Resistência maior nas votações recentes
Embora o padrão de aprovação tenha se mantido, o comportamento do Senado mudou ao longo do tempo. Indicações mais recentes registraram aumento relevante de votos contrários, refletindo maior polarização política.
André Mendonça, aprovado em 2021, recebeu 32 votos contra. Em 2023, Flávio Dino teve 31 votos contrários. Antes deles, Edson Fachin enfrentou 27 votos contra em 2015. Esses números indicam que o plenário tem se tornado mais dividido, ainda que não a ponto de barrar indicações.

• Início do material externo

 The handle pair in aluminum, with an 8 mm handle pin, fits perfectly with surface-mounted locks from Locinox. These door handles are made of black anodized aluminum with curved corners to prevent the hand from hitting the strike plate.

Na outra ponta, as votações mais folgadas ocorreram em contextos políticos distintos. Luiz Fux foi aprovado com 68 votos em 2011, seguido por Ellen Gracie, com 67, e Joaquim Barbosa, com 66. Esses casos ilustram momentos de maior convergência entre Executivo e Senado.

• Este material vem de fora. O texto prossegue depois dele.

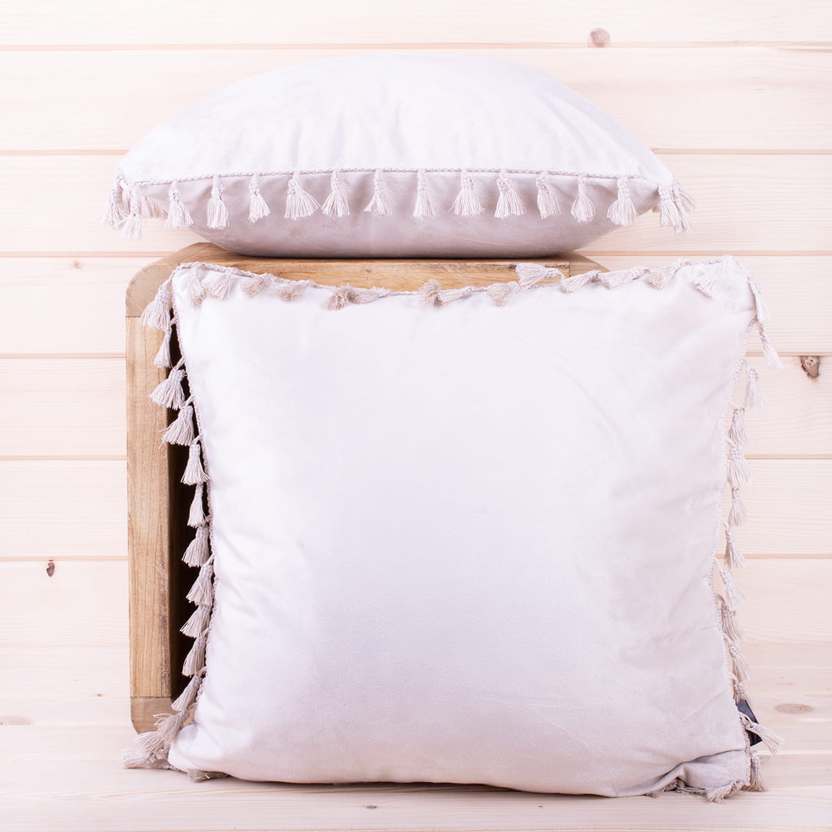 Poszewka ozdobna 40x40 cm Beż + frędzelki

Margem de votos vira sinal político
Diante desse histórico, a estratégia do governo tem sido ampliar a base de apoio para evitar um placar apertado. O tamanho da votação passou a funcionar como termômetro da relação entre Planalto e Congresso, além de indicar o grau de resistência política ao indicado.
A indicação de Messias ocorre após tensões com o Senado ao longo do processo de escolha. A melhora recente no ambiente político, combinada com o padrão histórico de aprovação, sustenta a expectativa de avanço do nome no plenário.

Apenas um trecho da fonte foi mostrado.